Jakarta, Jubi — Polisi Militer TNI Angkatan Laut (Pomal) menahan anggotanya yang diduga memukul pengemudi ojek online  di Tangerang Selatan. Penahanan dilakukan untuk pemeriksaan lebih lanjut.  “Sudah (ditahan) di Pomal Lantamal III,” kata Kepala Dinas Penerangan TNI Angkatan Laut (AL) Laksma Julius Widjojono saat dikonfirmasi, Selasa (11/1/2022).

Read More

Julius tidak menjelaskan sejak kapan anggota itu ditahan maupun rincian kronologi pemukulan yang dilakukan oleh anggota itu.

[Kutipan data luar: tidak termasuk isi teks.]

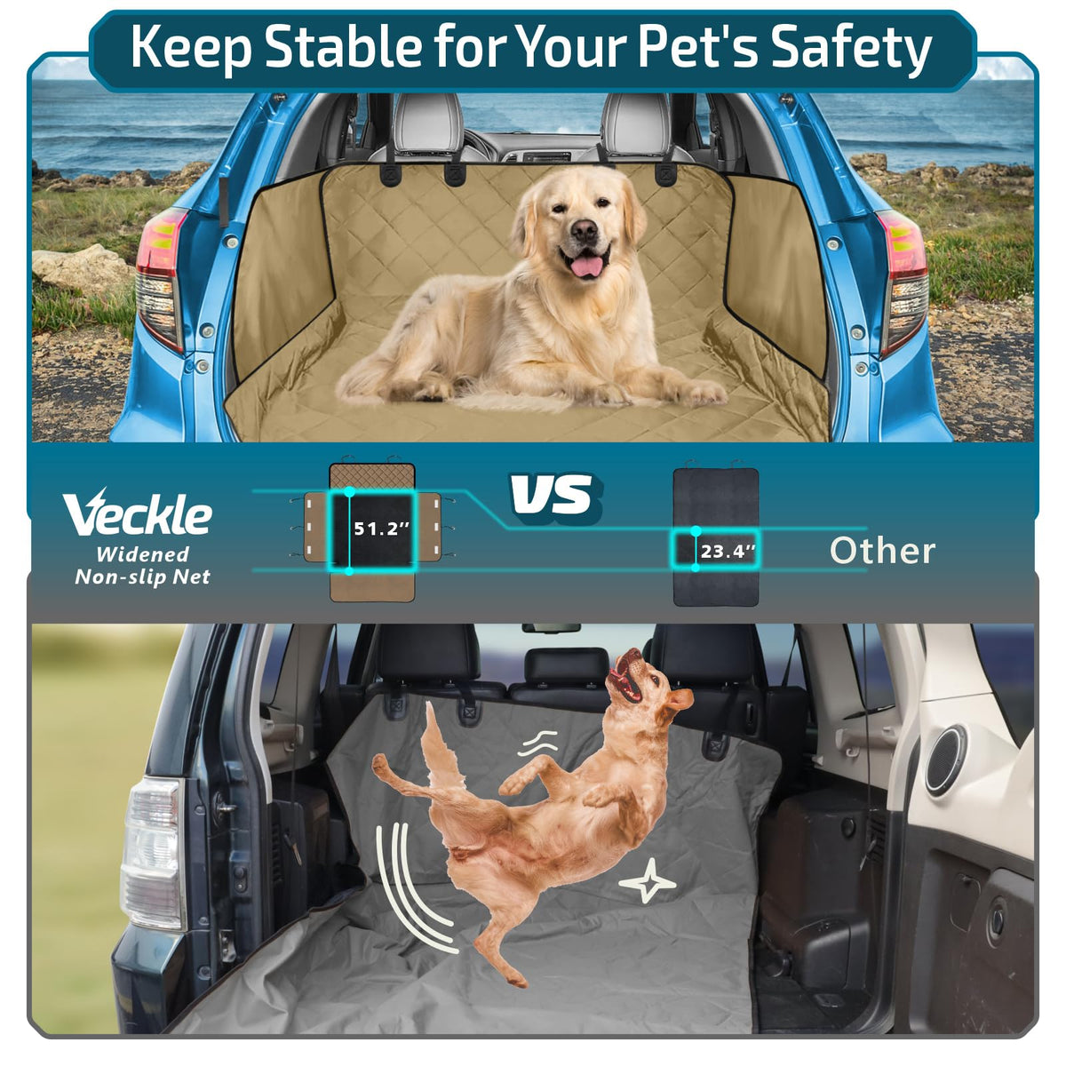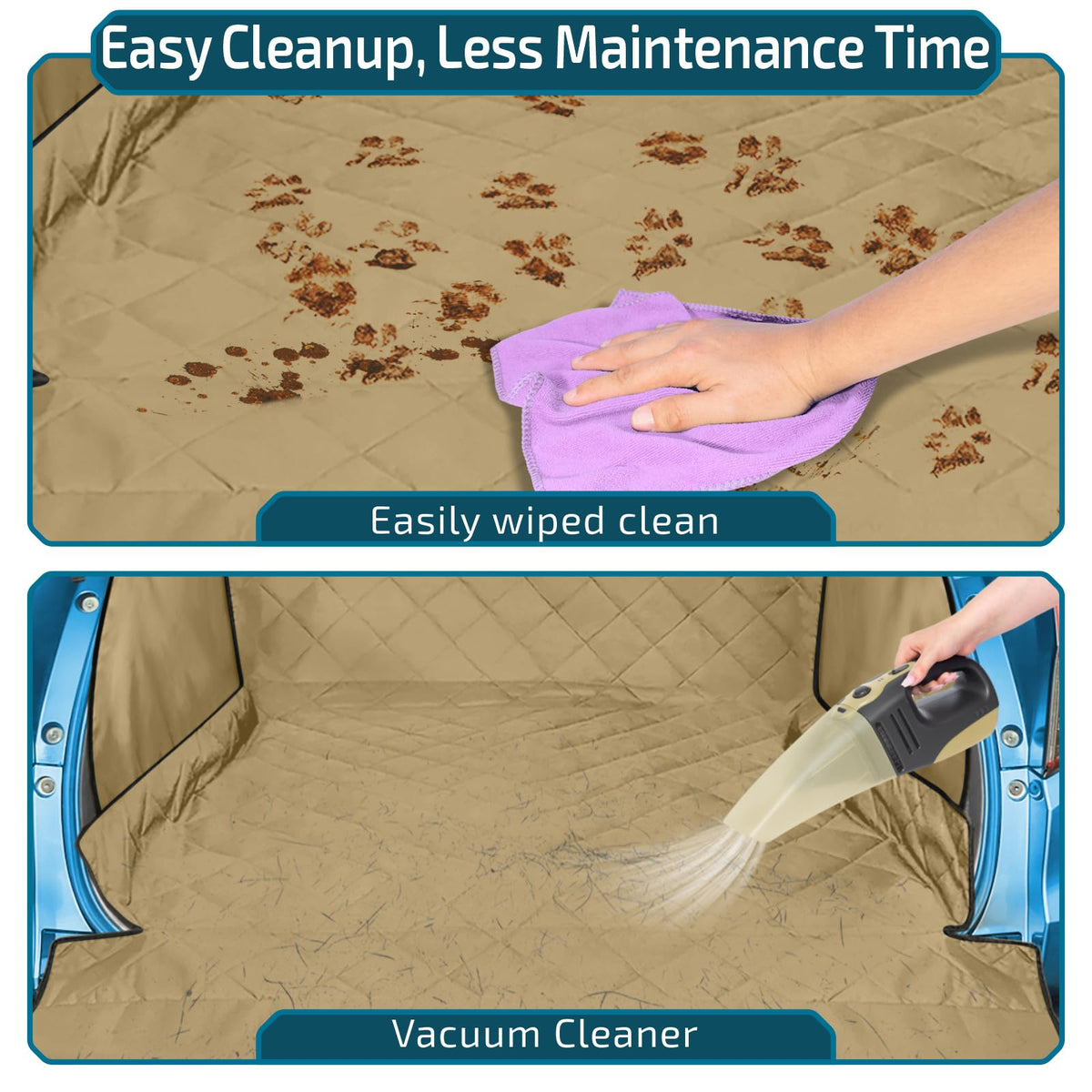 Q: Is the Veckle Cargo Liner waterproof and durable?A: Yes, the Veckle Cargo Liner is made from wear-resistant 600D Oxford cloth with a PVC water-resistant coating. This combination ensures durability against spills, dirt, pet fur, and claws, making it an excellent protector for your cargo area.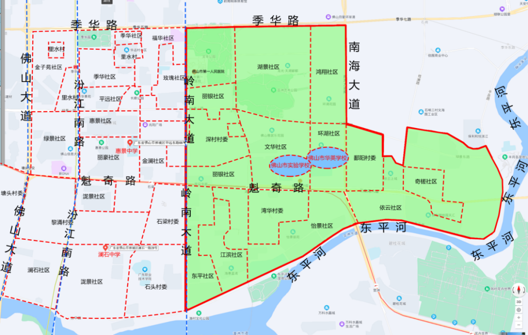 (一)面向禅城区户籍生招生517人,其中面向就近入学片区范围招生284人,面向全区(就近入学片区范围以外的禅城区户籍生)招生233人。面向就近入学片区范围是指学生本人的户籍地址在岭南大道以东、季华路以南与东平路围合的禅城区范围(如下图绿色区域所示)。

Baca juga : Warga sipil tertembak di Mappi diduga pelakunya oknum Babinsa pos Ramil
Anggota TNI pencoret paspor mahasiswi di wisma atlet dicopot
Anggota TNI terlibat tabrakan dan membuang jenazah korban layak dipecat

Polsek Pamulang Tangerang Selatan sebelumnya digeruduk oleh massa driver ojol pada Minggu (9/1) malam. Peristiwa itu terekam dalam sebuah video dan beredar di media sosial. Salah satunya diunggah akun Instagram @seputartangsel.

Kapolsek Pamulang Kompol Sujarwo mengatakan bahwa peristiwa bermula dari kesalahpahaman, lalu terjadi pemukulan oleh anggota TNI AL terhadap ojek online.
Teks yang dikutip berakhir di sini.